Exercise brief:
Write out exactly, and only, the lines below from the line with "f2 <- kde2d(duration, waiting, n" through the line with "Create your own"; pictures do not belong in the copy.

Data for the task:
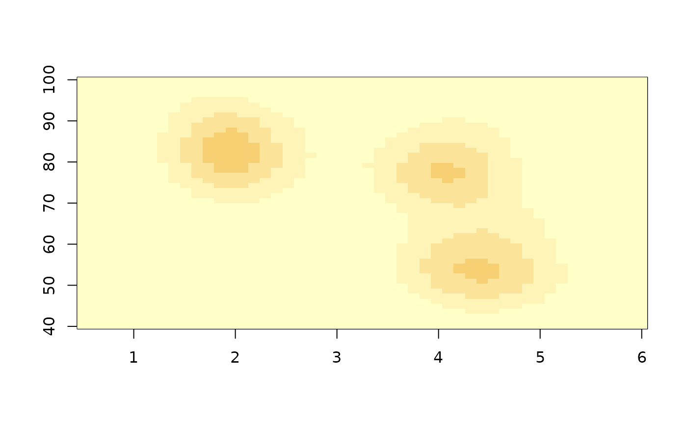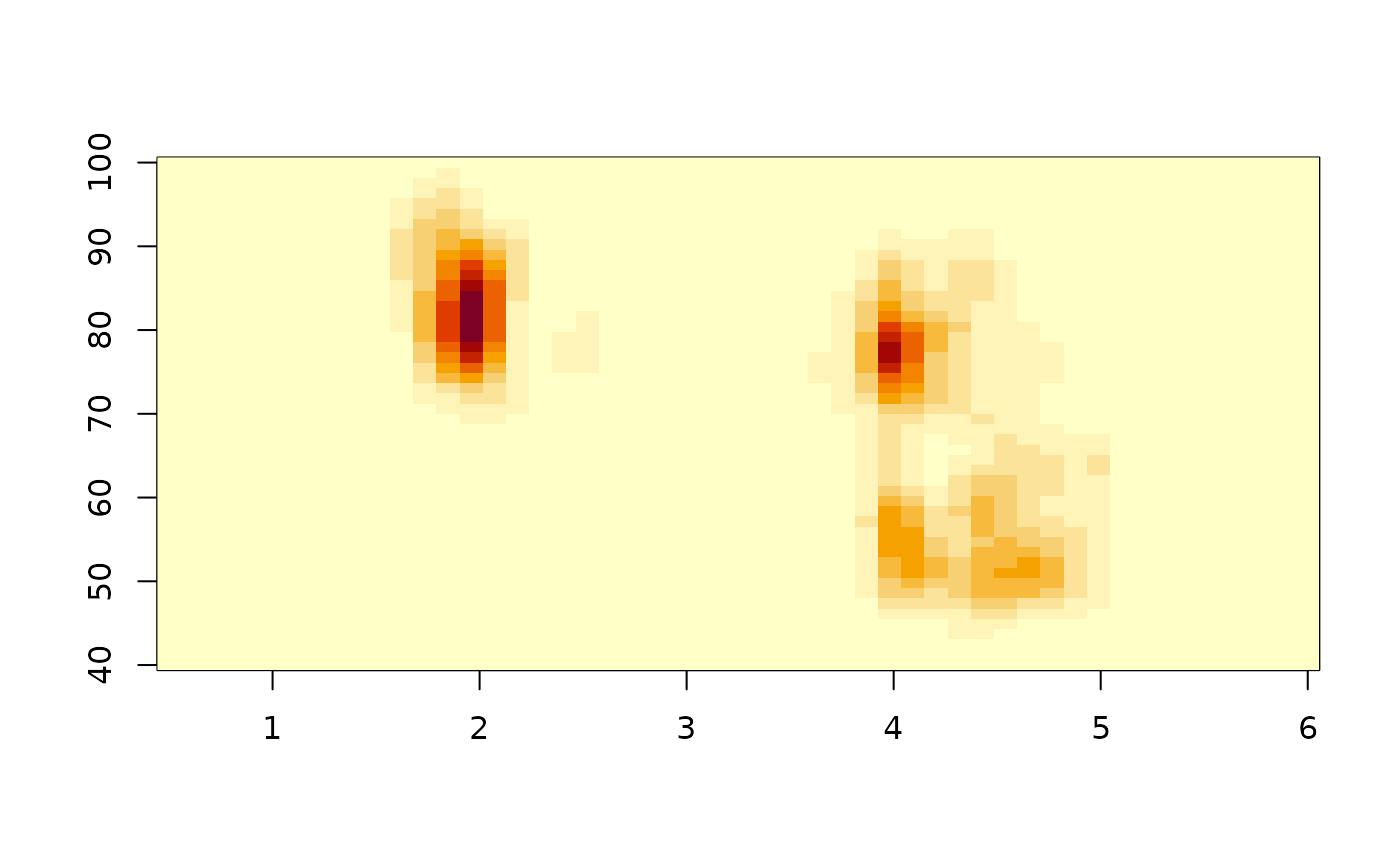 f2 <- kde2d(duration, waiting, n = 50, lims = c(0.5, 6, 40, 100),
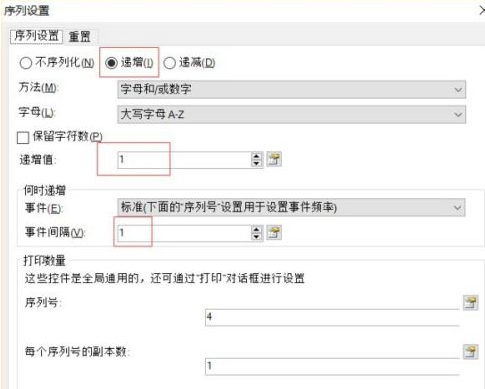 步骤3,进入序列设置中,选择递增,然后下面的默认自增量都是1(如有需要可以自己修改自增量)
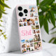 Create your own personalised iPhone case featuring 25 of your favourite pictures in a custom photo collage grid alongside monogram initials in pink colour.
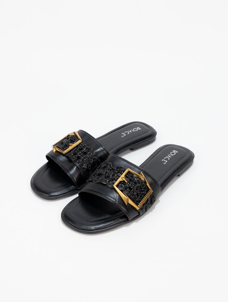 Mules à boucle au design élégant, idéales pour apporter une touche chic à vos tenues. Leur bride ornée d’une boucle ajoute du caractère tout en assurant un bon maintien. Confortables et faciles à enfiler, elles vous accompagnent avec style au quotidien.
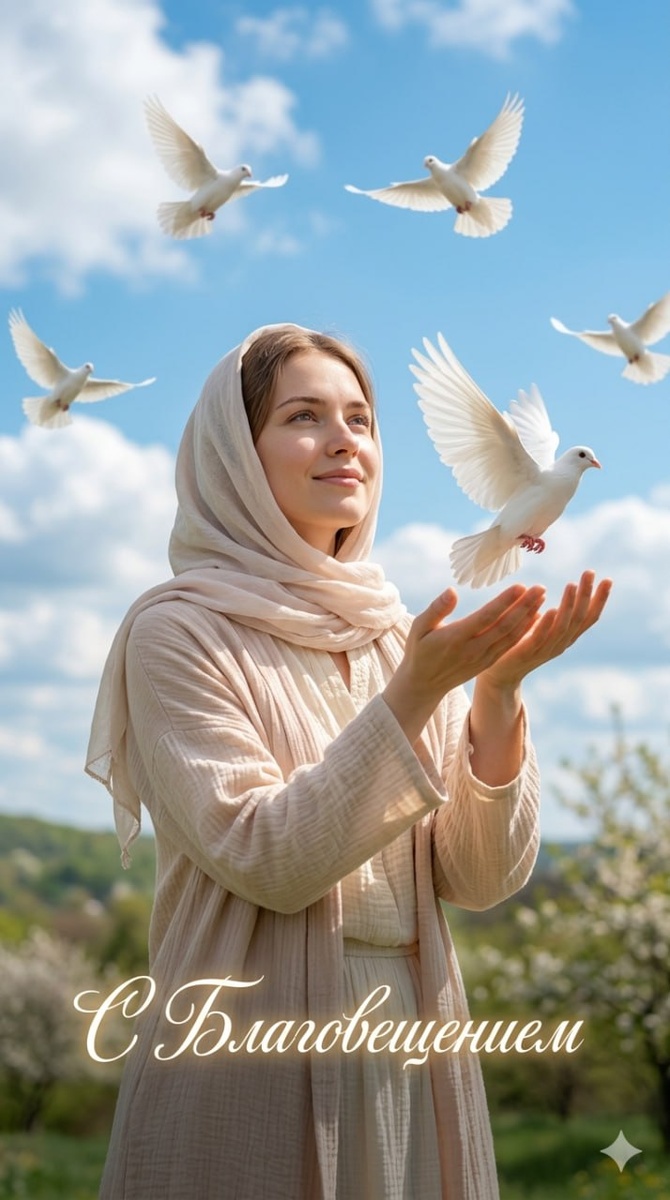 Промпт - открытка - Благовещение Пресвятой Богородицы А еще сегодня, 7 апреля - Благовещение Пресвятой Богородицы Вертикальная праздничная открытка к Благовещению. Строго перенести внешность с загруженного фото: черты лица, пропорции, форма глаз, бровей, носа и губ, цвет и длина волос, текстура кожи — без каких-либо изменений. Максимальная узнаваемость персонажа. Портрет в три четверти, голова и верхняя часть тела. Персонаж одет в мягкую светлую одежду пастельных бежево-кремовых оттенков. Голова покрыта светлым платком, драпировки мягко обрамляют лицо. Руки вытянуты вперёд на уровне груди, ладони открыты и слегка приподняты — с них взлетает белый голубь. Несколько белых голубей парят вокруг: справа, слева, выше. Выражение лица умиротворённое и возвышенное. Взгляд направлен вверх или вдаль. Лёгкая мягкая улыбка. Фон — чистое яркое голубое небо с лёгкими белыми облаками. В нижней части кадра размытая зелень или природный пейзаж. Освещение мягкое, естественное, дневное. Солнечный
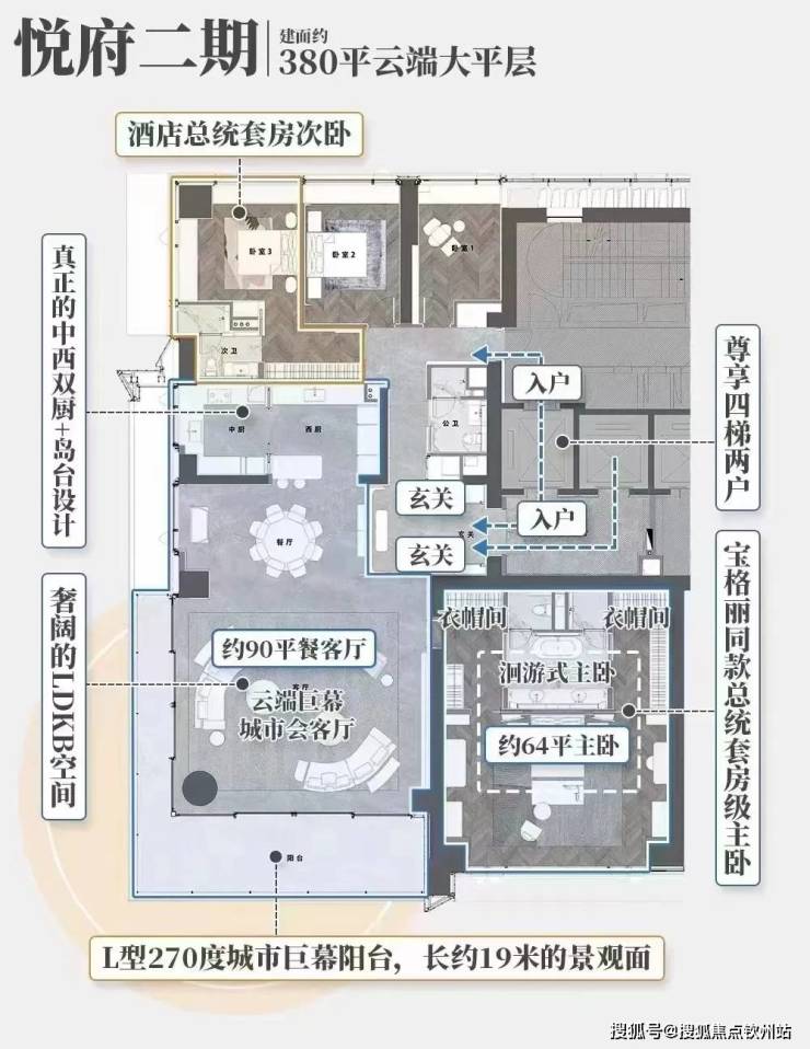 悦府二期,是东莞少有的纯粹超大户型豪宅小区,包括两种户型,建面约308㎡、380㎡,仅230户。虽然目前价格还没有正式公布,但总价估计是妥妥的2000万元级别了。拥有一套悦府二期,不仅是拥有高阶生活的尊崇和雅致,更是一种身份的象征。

==

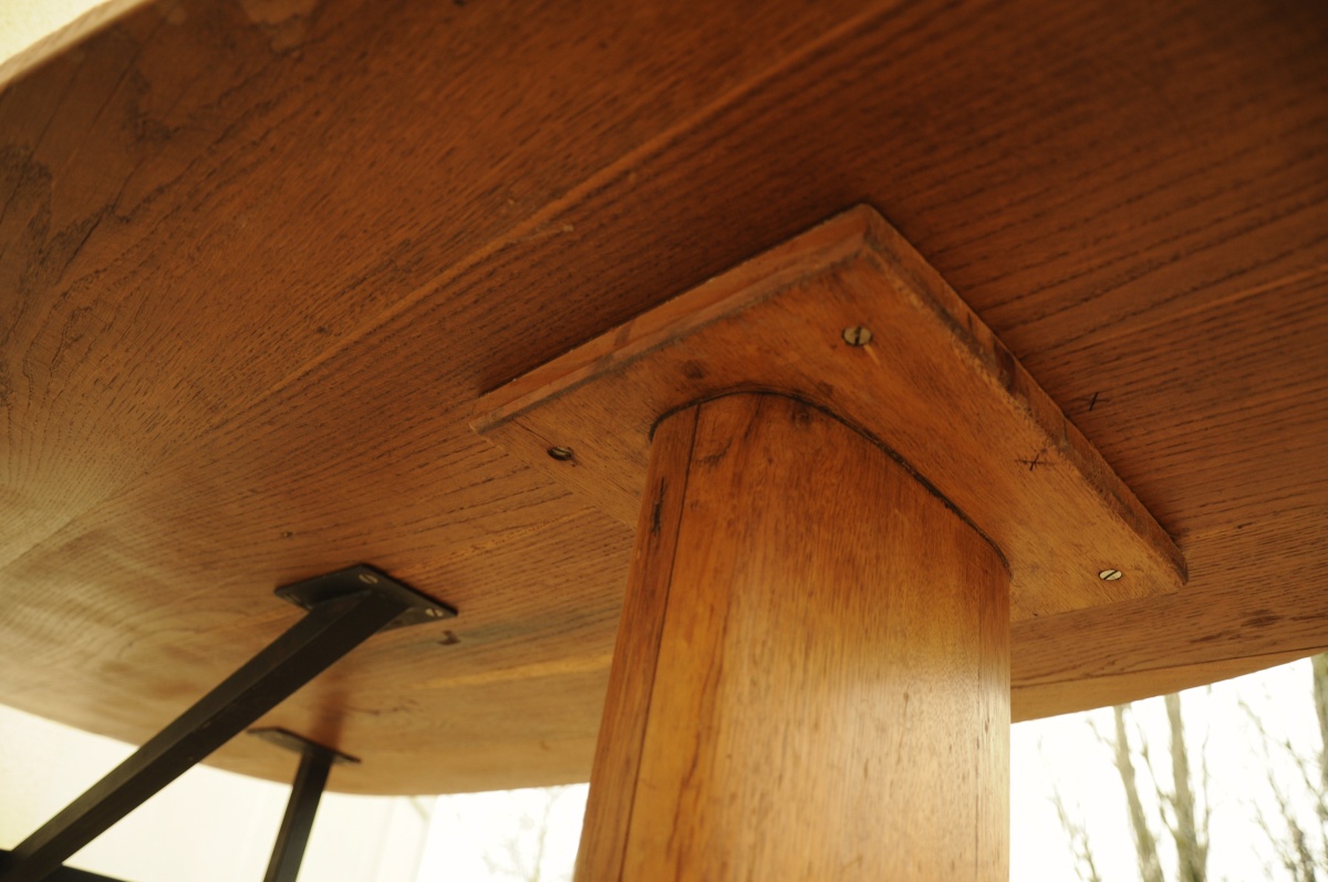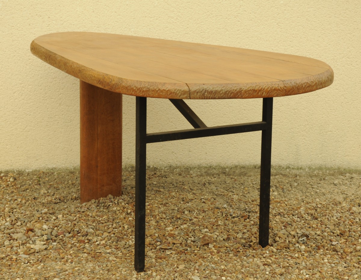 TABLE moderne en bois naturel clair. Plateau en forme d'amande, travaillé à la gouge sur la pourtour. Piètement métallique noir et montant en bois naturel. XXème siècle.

Exercise output:
 f2 <- kde2d(duration, waiting, n = 50, lims = c(0.5, 6, 40, 100),
 步骤3,进入序列设置中,选择递增,然后下面的默认自增量都是1(如有需要可以自己修改自增量)
 Create your own personalised iPhone case featuring 25 of your favourite pictures in a custom photo collage grid alongside monogram initials in pink colour.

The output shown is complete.